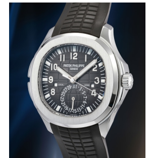
120 Patek Philippe 百達翡麗，精細，精鋼腕錶，備... 估價 40,000 — 80,000 CHF
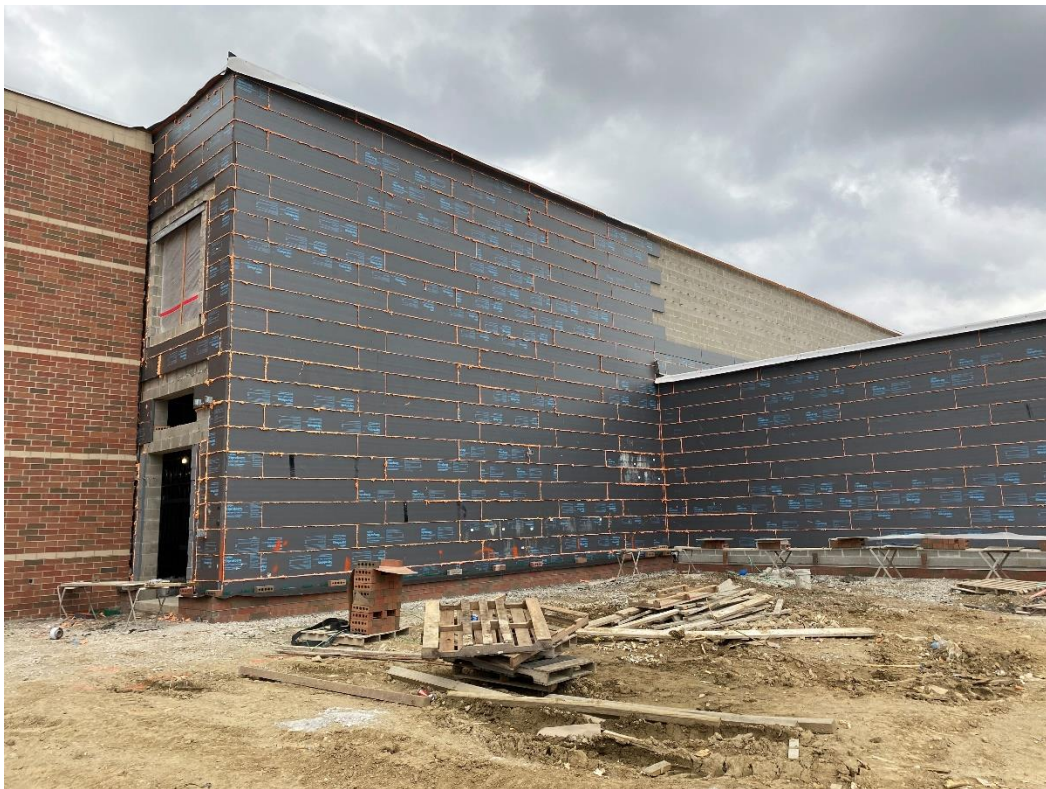
Air barrier and base flashing installation progresses at the west walls of Classroom Area D.
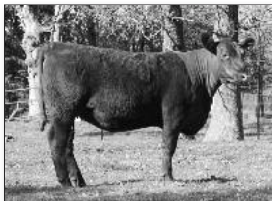
DJH Lucy Jo X46 • Lot 76
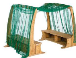
Outlast arbour W460 Includes Canopy and 2 Arbour benches

Designed to be easily moved or rearranged, the Arbour can be used anywhere in your outdoor area. And, like all Outlast products, the weatherproof wood will withstand years of play in any climate.
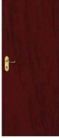
Burma Teak Dark Mahogany Lacquered (IMC-1)
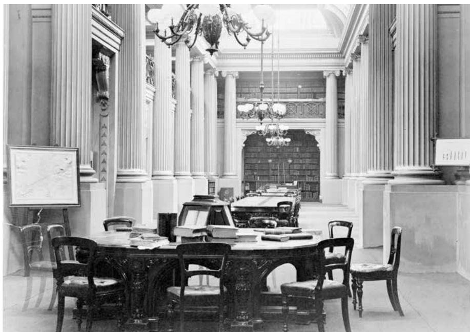
The Queen's Hall Reading Room, Melbourne Public Library, c. 1870–1900, albumen silver photograph, Pictures Collection, H4573
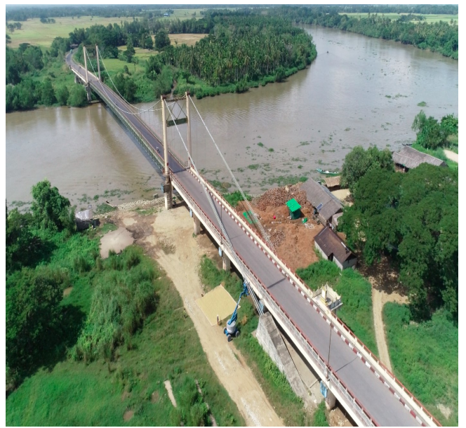
Overview of Panmawady Bridge and working area
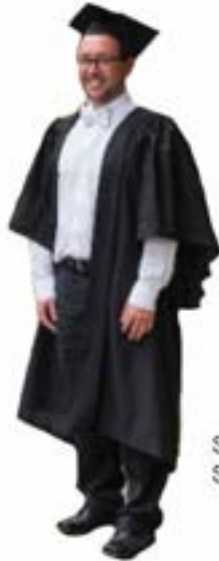
Sub Fusc Scholars Gown
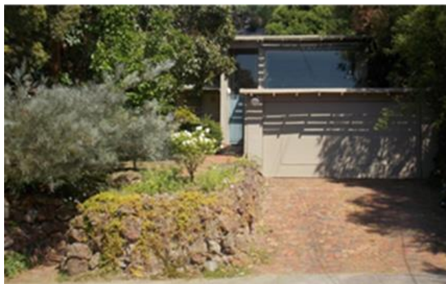
Figure 6 12-14 Tannock Street, Balwyn North, designed by Robin Boyd in 1948-49 with alterations by Boyd in 1959 and 1971 (HO928).

visual extreme, in the design of the writer's study.
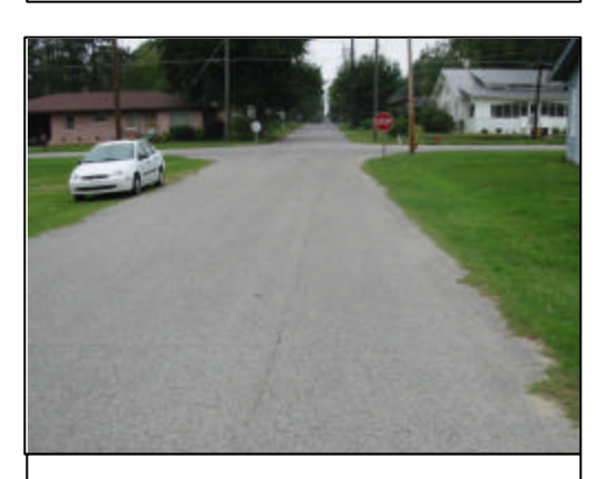
Figure 3. Northbound approach for the 2000 Dodge Intrepid

The front aspect of the Crown Victoria impacted the right side aspect of the Dodge Intrepid. Impact resulted in moderate damage to both vehicles and was sufficient to deploy the redesigned frontal air bags in the Intrepid and the driver's air bag in the Crown Victoria. The damage algorithm of the WinSMASH program calculated a total delta-V of 21 km/h (13 mph) for the Crown Victoria and a total delta-V of 23 km/h (14 mph) for the Intrepid. The longitudinal and lateral components for the Crown Victoria were -7 km/h (-4 mph) and 20 km/h (12 mph), respectively. The longitudinal and lateral components for the Intrepid
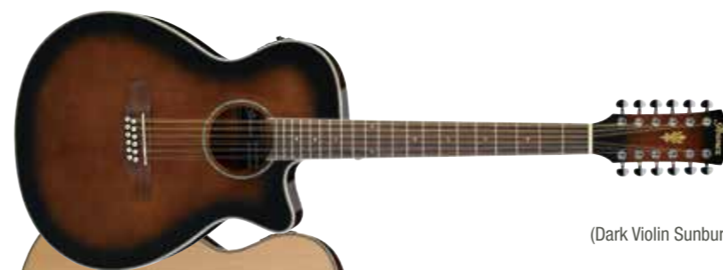
DVS (Dark Violin Sunburst High Gloss)
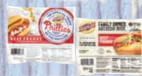
Hatfield Or Phillies Beef Franks 1 lb. pkg.
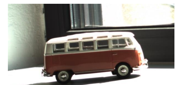
Figure 2: Camera Video Input, Short Exposure Figure 3: Camera Video Input, Long Exposure
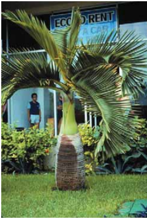
Figure 3. Hyophorbe lagenicaulis (bottle palm) showing crownshaft, the distinct smooth green region of the stem above the gray wood.
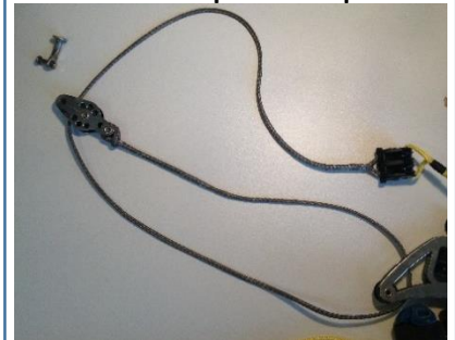
Step 6 – Pass the Kicker Primary Line over the top of the Top Block
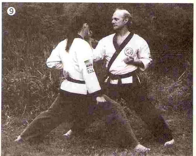
Tiger claw strike.

The responsibility to grow and mature begins the moment a new Tang Soo Do
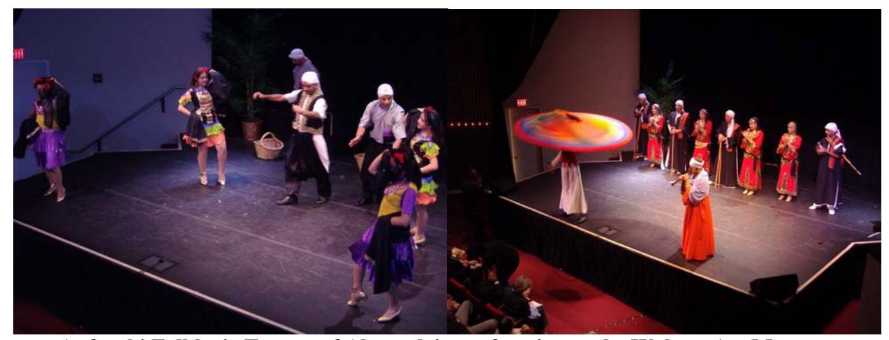
Anfoushi Folkloric Troupe of Alexandria performing at the Walters Art Museum
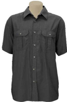
MENS BUSH SHIRT WITH FLAP POCKETS Size: S - 3XL

AS047 - from R344.18 R289.00 SHORT SLEEVES
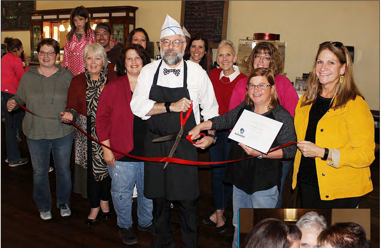
Tin Roof Dairy was officially welcomed into the Chamber on October 18 with a ribbon cutting at its Third Avenue location. Tin Roof is an old-fashioned, 1930s-style ice cream parlor.
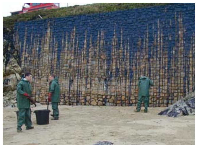
▲ Figure 18: Heavy oil stain running down a sea wall following a storm tide

altitude. Aerial surveillance should always be combined with spot checks on foot since, as previously discussed, many shoreline features viewed from a distance bear a close resemblance to oil. Careful attention should be given to identifying locations where the character of the shoreline changes or where the degree of oil coverage appears to change. Please refer to the separate Technical Information Paper on Aerial Observation of Oil for more details.
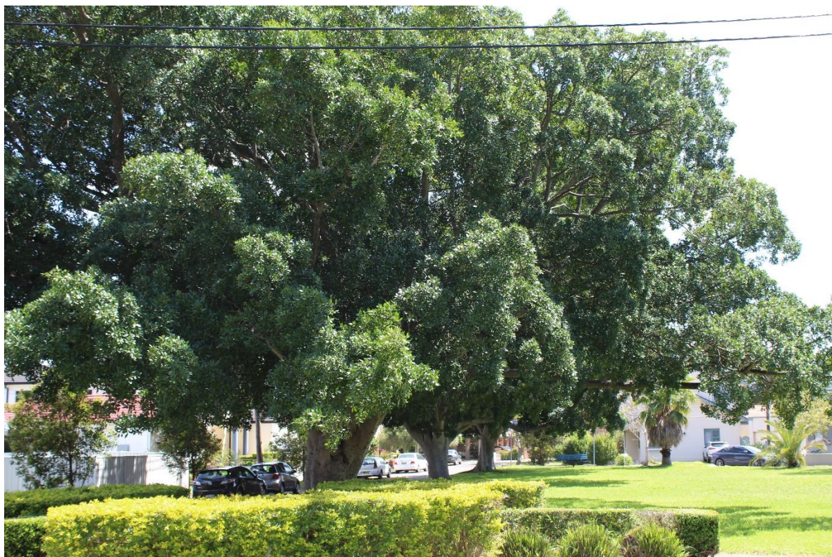
Glanville Avenue Reserve, Pagewood. October 2018

--- --- ---

• [Assigned task] Above are the records; copy every line in them that holds the word "Arbour".

• [Exercise solution]
Outlast arbour W460 Includes Canopy and 2 Arbour benches
Designed to be easily moved or rearranged, the Arbour can be used anywhere in your outdoor area. And, like all Outlast products, the weatherproof wood will withstand years of play in any climate.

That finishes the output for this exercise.